--- Problem to work on ---
For this exercise, output the entries below exactly from the line that holds "锅内放水后加入清理干净的猪皮,加入八角,桂皮,香叶,生姜,花椒一起煮" to the line that holds "Pot en céramique", both ends included. No pictures belong in the copy.

--- Source data ---

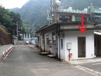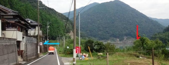 瀬戸石ダム。ここには水場が2か所あります(赤矢印)。
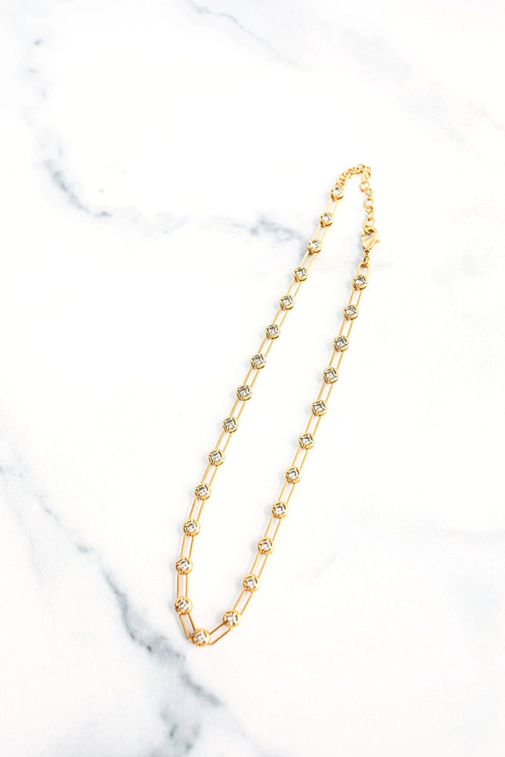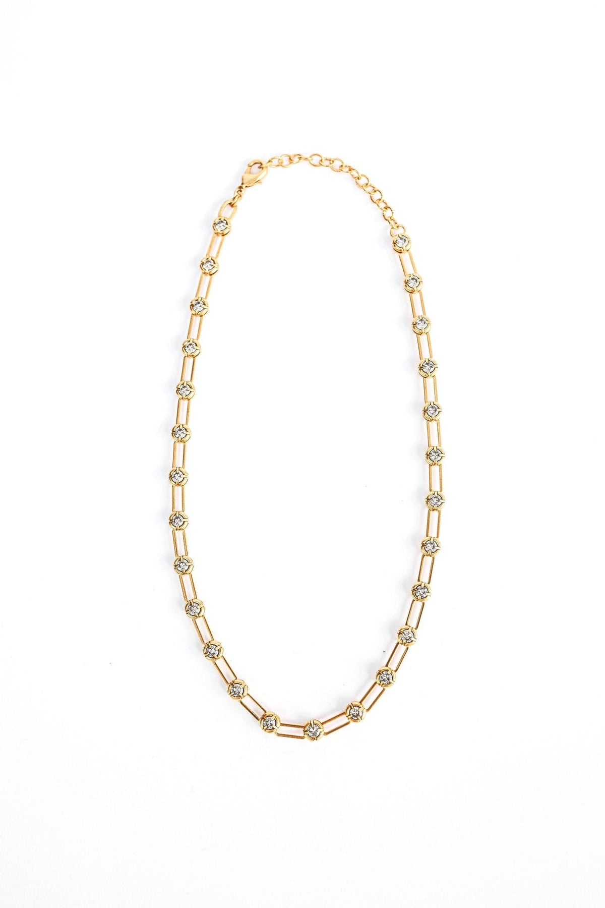 This Leta Necklace by Elizabeth Cole offers a classic silhouette with delicate golden links topped with brilliant crystals, making it a timeless and versatile piece for any occasion.
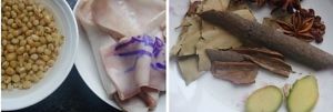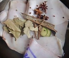 锅内放水后加入清理干净的猪皮,加入八角,桂皮,香叶,生姜,花椒一起煮
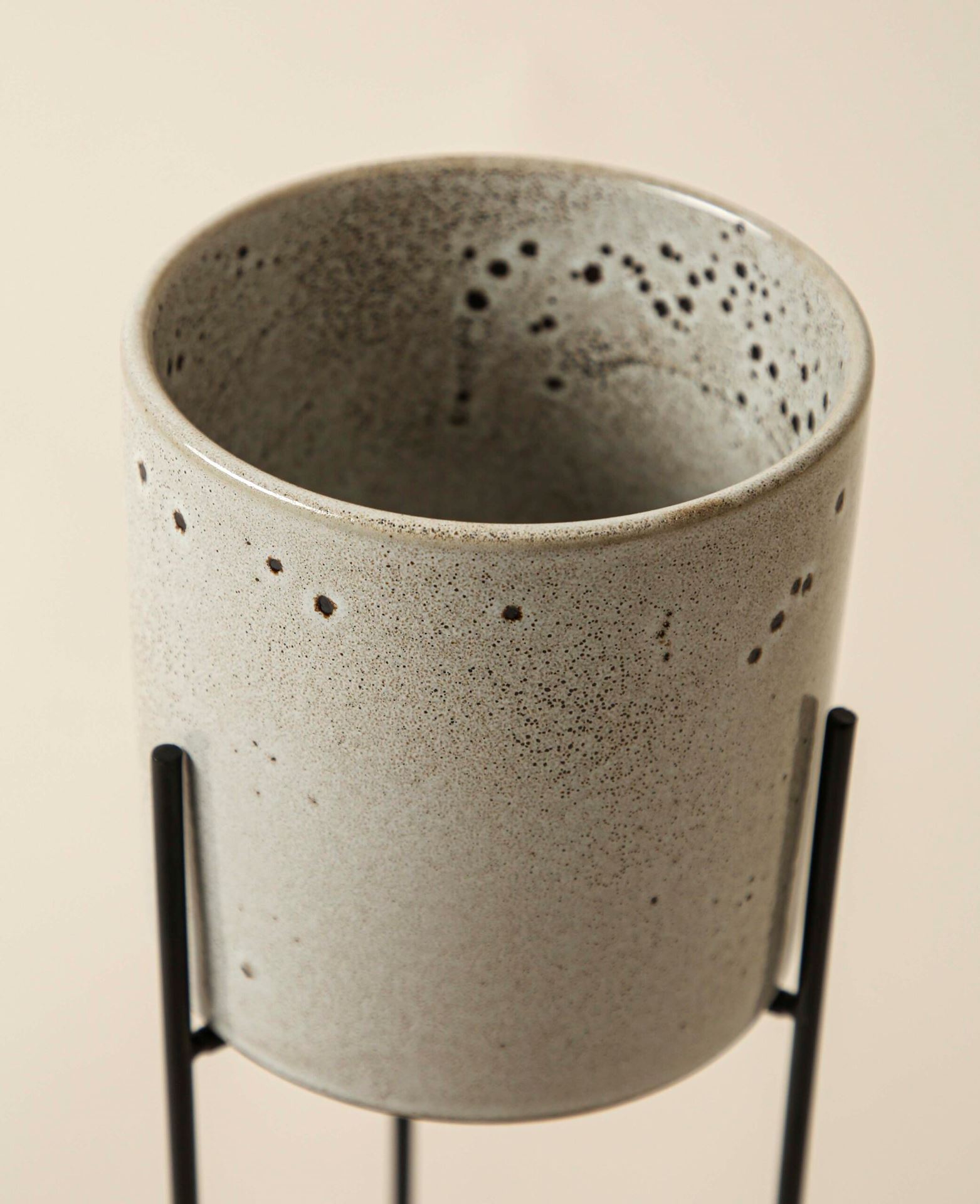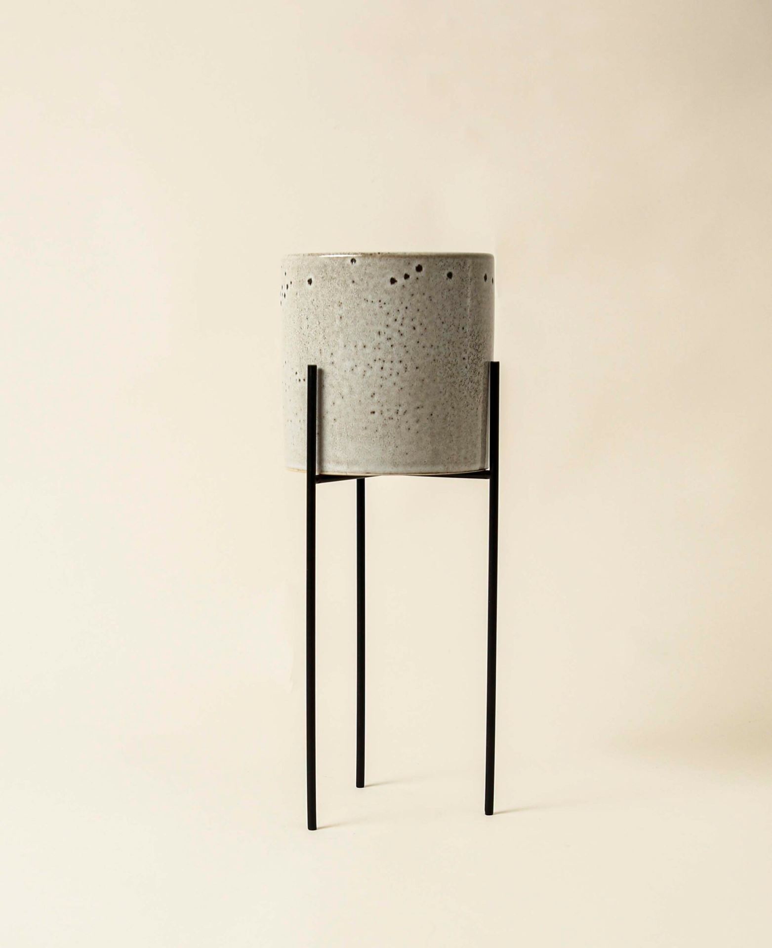 Pot en céramique gris debout avec des pieds en métal et un motif de cuisson noir, Ø 13.5 cm x H 36.5 cm
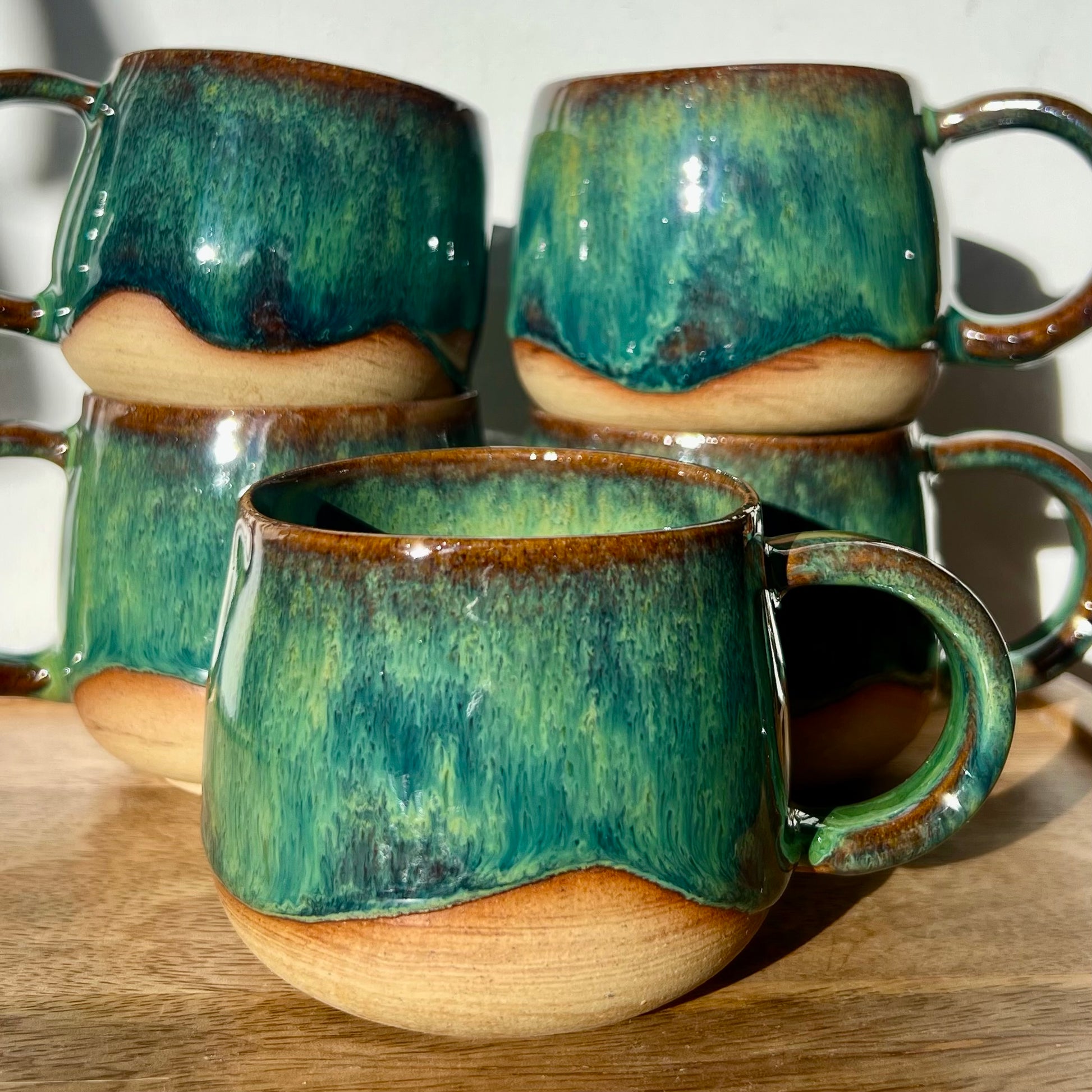 Wheel-thrown and hand-glazed, this warm brown stoneware mug has a beautiful drippy glaze that reminds me of mossy hills after rain. They say there are forty shades of green in Ireland, and this one might just be my favourite.
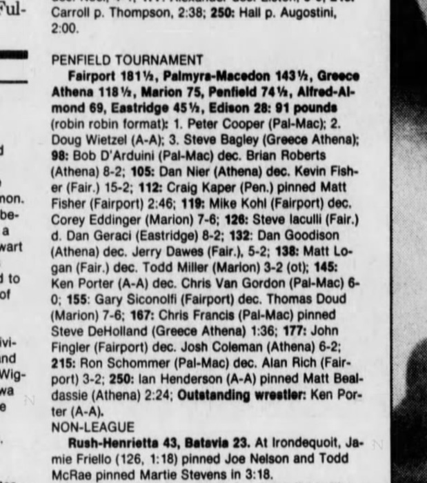 Mike Kohl (Fairport) > Cory Eddinger (Marion) decision 7-6

--- Answer for the task ---
 锅内放水后加入清理干净的猪皮,加入八角,桂皮,香叶,生姜,花椒一起煮
 Pot en céramique gris debout avec des pieds en métal et un motif de cuisson noir, Ø 13.5 cm x H 36.5 cm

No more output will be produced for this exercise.